Unraveling FKS1 and FKS2 Regulation in Candida glabrata

For clinicians battling the persistent threat of fungal infections, Candida glabrata stands out as a formidable adversary, particularly due to its increasing resistance to frontline antifungal drugs like echinocandins. These drugs target 1,3-β-glucan synthase (GS), a crucial enzyme for fungal cell wall biosynthesis. In C. glabrata, GS is encoded by two functionally redundant paralogous genes, FKS1 and FKS2. Despite their importance as drug targets, the intricate regulation of their expression in various conditions – from lab cultures to the host environment – has remained poorly understood. A recent study by Irene Gonzalez-Jimenez, et al. in Erika Shor and David Perlin's Lab at the Center for Discovery & Innovation dives into this regulatory complexity, revealing insights that could reshape our understanding of C. glabrata pathogenesis and antifungal resistance.
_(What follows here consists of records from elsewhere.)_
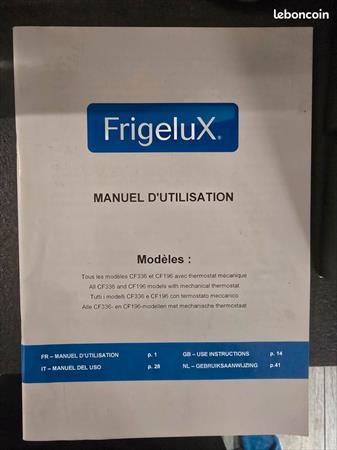 Je vends un réfrigérateur professionnel vitrine FRIGELUX, en parfait état de fonctionnement et esthétique.Utilisé en cave à vin, matériel propre, entretenu et fiable.Idéal pour commerce, cave, bar, restaurant, snack, épicerie fine.🔹 Froid ventilé🔹 Porte vitrée🔹 Clayettes réglables🔹 Thermostat mécanique🔹 Fonctionne parfaitement🔹 Aucun défaut visuelVisible sur place.À venir récupérer sur rendez-vous.Prix : 250 € à débattre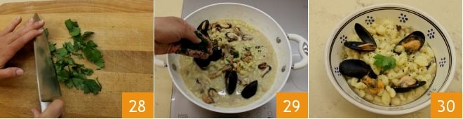 Finally, finely chop the parsley bunch 28 and add it to the pan 29: turn off the heat and your cicatielli with mussels and beans are ready to be enjoyed 30!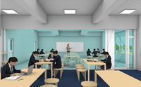 外観を本館・体育館と統一感のあるデザインとし、 教室のホワイトボード化、全階のトイレを乾式リニューアルを図ります。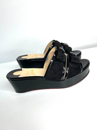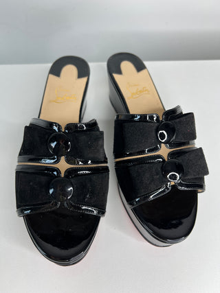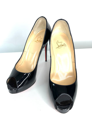 Christian Louboutin Preloved Lady Peep Black Patent Platform Heels 37 UK4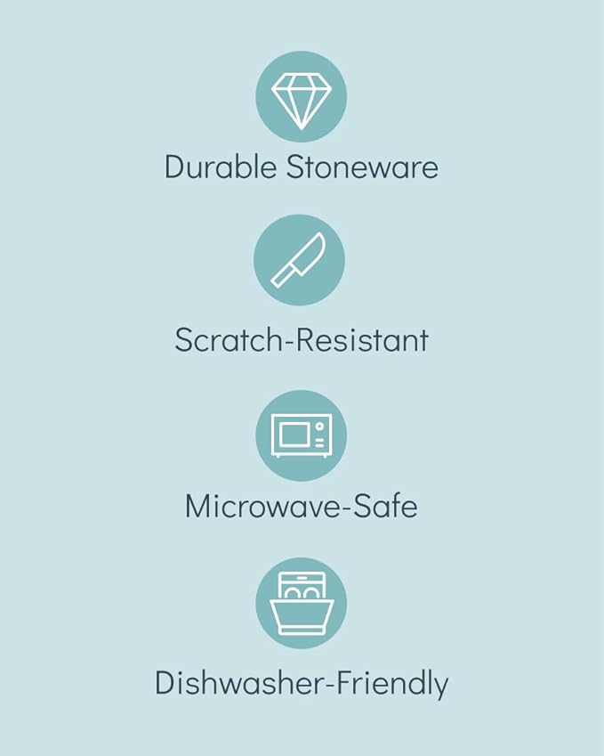 • ✅ Pure Joy & Culinary Delight: Crafted from solid stoneware with a high-fired, glazed, and scratch-resistant surface, this dish set for 4 is for those who cherish life's beautiful moments and appreciate top-notch quality in their dishware set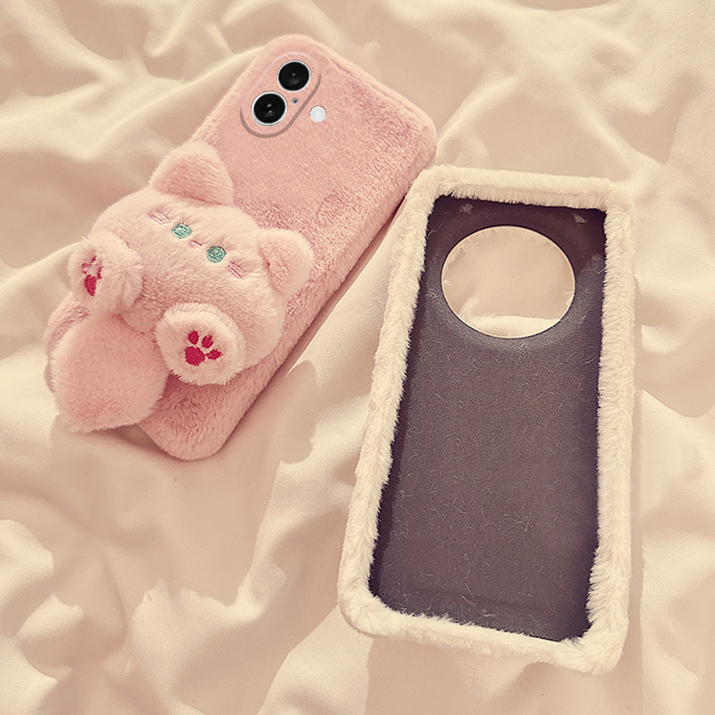 可爱跳跳鼠适用苹果iPhone16promax手机壳15plus立体14公仔13mini迷你1211卡通xr8毛绒7xsmax6硅胶5s/se3秋冬

            The researchers employed a multi-faceted approach, combining various techniques to unravel the layers of FKS1 and FKS2 regulation. Unlike previous studies that often relied solely on quantitative reverse-transcriptase PCR (qRT-PCR with single primer pairs), this investigation utilized fluorescent transcriptional reporters (degGFP, a short-lived variant of GFP, with a half-life of only 7 minutes), time-lapse microscopy, qRT-PCR with multiple primer pairs spanning the gene, protein analysis, and RNA-seq data mining. This comprehensive strategy allowed them to distinguish between transcriptional and post-transcriptional regulatory mechanisms, a distinction often missed in earlier work.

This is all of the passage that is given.